Dataset section |

--*--

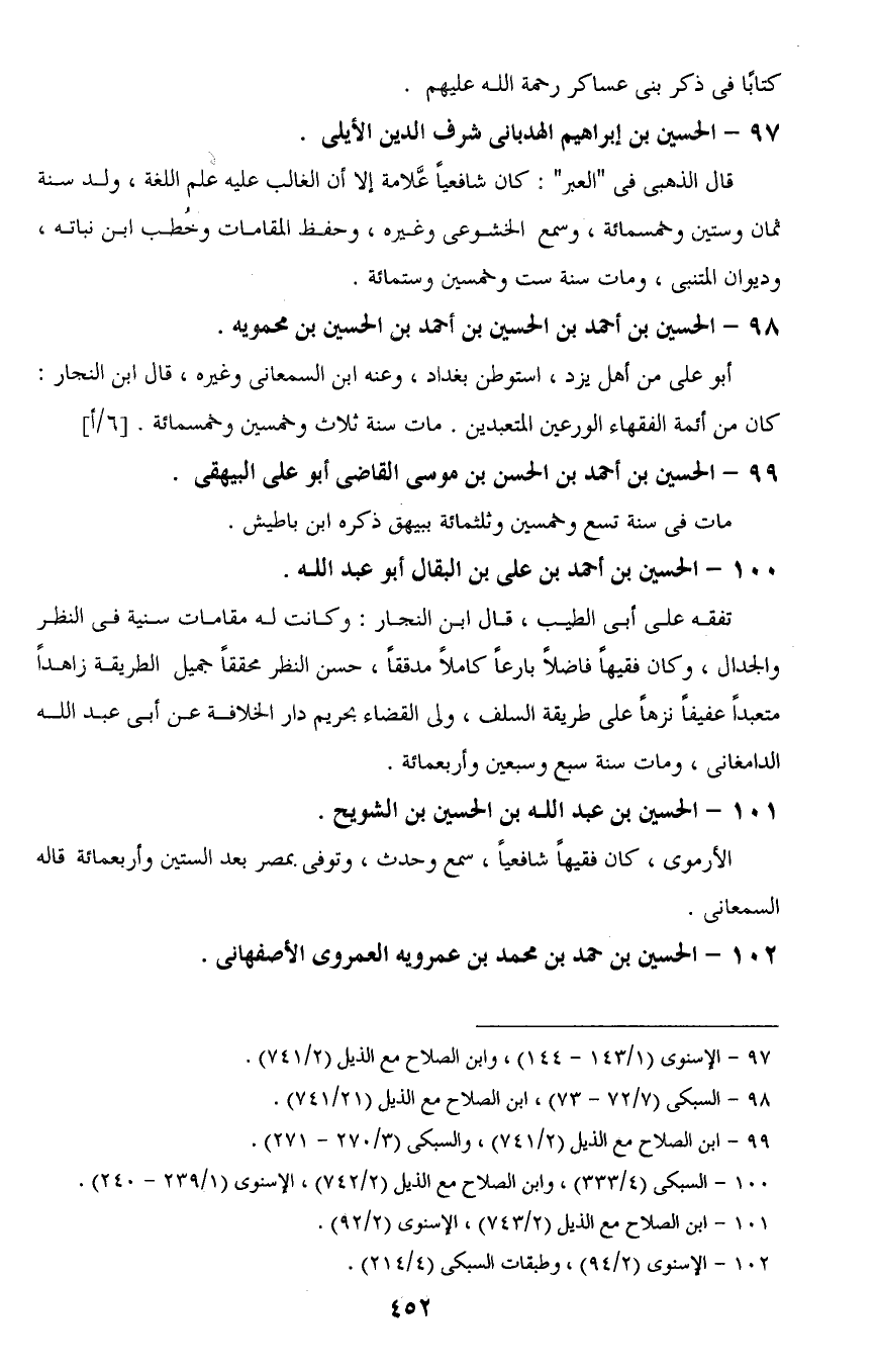 102 - الإسنوى (2/ 94)، وطبقات السبكى (4/ 214).
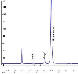 Conclusion: The proposed validated HPLC method for the quantitative estimation of fluvoxamine maleate in tablet dosage form is accurate, precise, economic, and robust. The developed stability indicating method can be recommended for analysis of drug and its degradation products in stability samples.
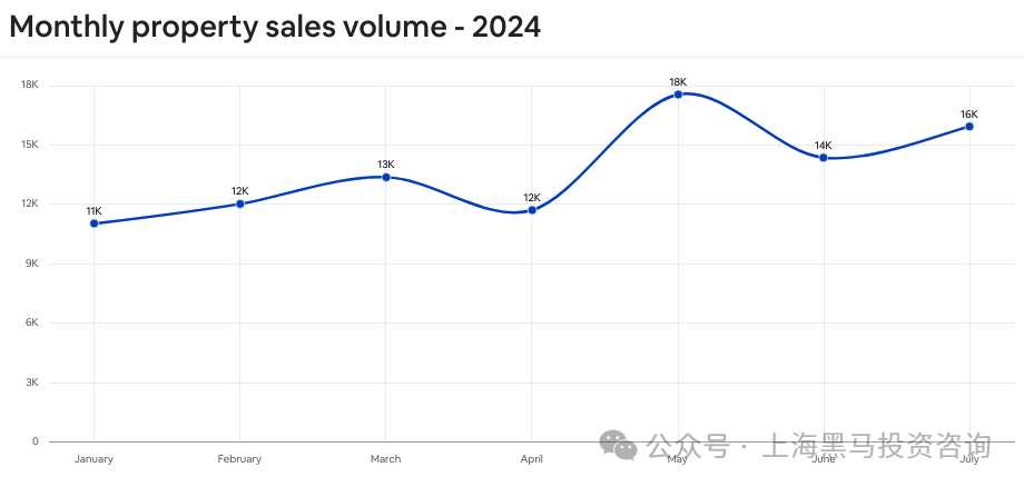 而2024年7月,迪拜房地产市场继续显示出强劲的增长势头,月内共记录了超过17,000笔交易,总额高达555亿迪拉姆,再次刷新纪录。与2023年7月相比,交易量和交易价值分别增长了59%和57%。

--*--

Task item | Each line from the one that holds "Conclusion: The proposed" through the final line of the data must be retyped exactly; the pictures must not appear.

Response area |
 Conclusion: The proposed validated HPLC method for the quantitative estimation of fluvoxamine maleate in tablet dosage form is accurate, precise, economic, and robust. The developed stability indicating method can be recommended for analysis of drug and its degradation products in stability samples.
 而2024年7月,迪拜房地产市场继续显示出强劲的增长势头,月内共记录了超过17,000笔交易,总额高达555亿迪拉姆,再次刷新纪录。与2023年7月相比,交易量和交易价值分别增长了59%和57%。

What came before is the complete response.